> [TASK GOAL]
Below are some records; quote exactly the lines from the one that contains "сказано в указе." through the one that contains "Personalized Dog Photo", inclusive, and no others.

> [EXCERPTED DATA]
^^^^^^^^

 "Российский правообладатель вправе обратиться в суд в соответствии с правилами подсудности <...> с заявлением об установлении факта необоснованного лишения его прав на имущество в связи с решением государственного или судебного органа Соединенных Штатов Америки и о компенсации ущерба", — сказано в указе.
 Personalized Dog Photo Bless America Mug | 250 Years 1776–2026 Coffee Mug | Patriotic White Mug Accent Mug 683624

^^^^^^^^

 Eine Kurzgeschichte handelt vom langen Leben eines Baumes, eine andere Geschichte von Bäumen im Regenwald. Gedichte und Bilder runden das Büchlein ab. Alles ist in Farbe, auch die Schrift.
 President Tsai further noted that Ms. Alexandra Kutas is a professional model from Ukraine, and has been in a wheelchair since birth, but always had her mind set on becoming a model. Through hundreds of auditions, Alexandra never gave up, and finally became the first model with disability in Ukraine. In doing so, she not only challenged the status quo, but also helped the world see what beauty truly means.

^^^^^^^^

> [PROBLEM SOLUTION]
 "Российский правообладатель вправе обратиться в суд в соответствии с правилами подсудности <...> с заявлением об установлении факта необоснованного лишения его прав на имущество в связи с решением государственного или судебного органа Соединенных Штатов Америки и о компенсации ущерба", — сказано в указе.
 Personalized Dog Photo Bless America Mug | 250 Years 1776–2026 Coffee Mug | Patriotic White Mug Accent Mug 683624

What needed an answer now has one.